The first thing to note here is that your results seem aligned with the results commonly found in the bandit literature.
Second thing to note would be that the performance of bandit algorithms is usually measured in terms of regret. This is the difference between (i) the amount of rewards accumulated by an oracle policy having prior knowledge about the true rewards of the bandit arms and (ii) the amount of rewards accumulated by the bandit strategy you are evaluating. In other words, this measures the loss your incur due to not knowing what the optimal arm is.
Ideally, the regret should be logarithmic. In theory, all three algorithms achieve logarithmic regret.
See [1] for the regret of decaying $\epsilon$-greedy and UCB and [2] for the regret of Thompson sampling.

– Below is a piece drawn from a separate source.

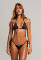 O conjunto de biquíni com lacinho lateral e modelagem fio dental possui acabamento sofisticado e foi pensado para a mulher que valoriza conforto, ajuste perfeito e liberdade ao vestir. O top cortininha conta com pingente central banhado a ouro 18k e dupla amarração, oferecendo regulagem personalizada e sustentação na medida certa. A calcinha com lacinho de amarrar nas laterais acompanha o movimento do corpo, garantindo ajuste sob medida e valorizando a silhueta. Possui forro interno, tecido macio ao toque e elasticidade na medida certa, proporcionando segurança e conforto durante o uso. As ponteiras em metal dourado finalizam os laços do top e da calcinha com toque premium e visual elegante. Versátil e atemporal, o conjunto permite marquinhas mais discretas ou mais marcadas, conforme a regulagem desejada.Uma escolha essencial para acompanhar você na praia, piscina, viagens ou momentos ao ar livre, unindo estética, funcionalidade e estilo. Diferenciais: Design ideal para a marquinha perfeitaTop cortininha com dupla amarração Pingente central banhado a ouro 18kCalcinha com lacinho lateral de amarrarAcabamento em ponteiras douradasProteção UV50+Possui forro internoTecido macio e agradável ao toqueVersátil para praia, piscina, viagens e momentos ao ar livreFácil de combinar com outras peças Especificações: Material: Poliamida LightComposição: 91% poliamida, 9% elastanoProteção: UV50+Modelo: Conjunto top cortininha + calcinha lacinhoCor: PretoIndicação de uso: Praia, piscina e lifestyleMODELO VESTE TAMANHO P Cuidados com a peça:Por se tratar de um tecido delicado, recomendamos cuidado ao vestir e manusear, evitando contato com superfícies ásperas ou objetos pontiagudos que possam puxar fios.Para preservar a beleza e a durabilidade da peça, recomendamos lavagem manual em água fria, com sabão neutro. Não utilizar alvejante, não deixar de molho e secar à sombra. Evite torcer ou usar máquina e secadora.

Despite their similar regret bounds, these algorithms may behave differently in practice.
For example, according to experiments in [3]:
It appears that Thompson
sampling is more robust than UCB when the delay is long. Thompson sampling alleviates the
influence of delayed feedback$^*$ by randomizing over actions; on the other hand, UCB is deterministic
and suffers a larger regret in case of a sub-optimal choice.

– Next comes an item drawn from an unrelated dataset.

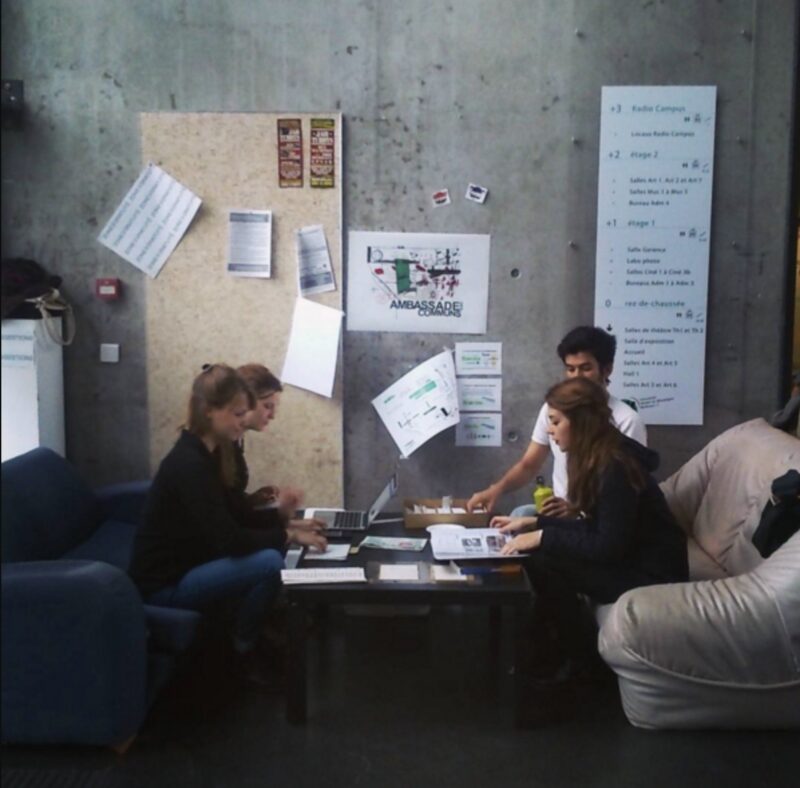 L’Ambassade des Communs est une œuvre collective qui cultive la fiction dans la réalité et en extrapole le devenir utopique. Claire Dehove et les Nouveaux Commanditaires sont les initiateur·ices de l’ADC et les ambassadeur·ices de référence. L’ADC compte s’implanter durablement et engager un processus de recherche-action menée pour et par les usager·es, qu’ils·elles soient étudiant·es, chercheur·ses, professeur·es, artistes, technicien·nes, personnel administratif et autres employé·es de la MDA. Durant l’année universitaire 2015-2016, WOS/agence des hypothèses a ainsi conçu une programmation d’interventions, d’événements, de moments festifs, de rencontres et d’échanges qui ont été déclinés sous différentes formes :

For decaying $\epsilon$-greedy, the fact that it obtained the lowest rewards may be due to the fact that the action selected for exploration is chosen uniformly at random (even if it has a bad reward estimate). In addition, it will explore actions even if they have already been selected many times, unlike UCB which considers the number of action selections to refine the confidence bound.

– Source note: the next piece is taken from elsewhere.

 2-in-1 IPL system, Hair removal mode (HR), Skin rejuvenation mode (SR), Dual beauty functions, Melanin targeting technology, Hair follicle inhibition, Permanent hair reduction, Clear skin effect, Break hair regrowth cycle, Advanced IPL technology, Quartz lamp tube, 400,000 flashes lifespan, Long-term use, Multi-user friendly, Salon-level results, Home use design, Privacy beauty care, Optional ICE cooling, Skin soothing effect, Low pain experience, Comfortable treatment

That said, besides these aspects, there may be other factors that could influence the results obtained by a given bandit algorithm. These may include:
- The reward distributions you chose to model your actions, and their
characteristics.
- The number of actions you have, and how far each
action’s reward is from the optimal action’s reward.
$^*$ Delayed feedback occurs when the outcome of an action selection is not revealed immediately but after some time delay.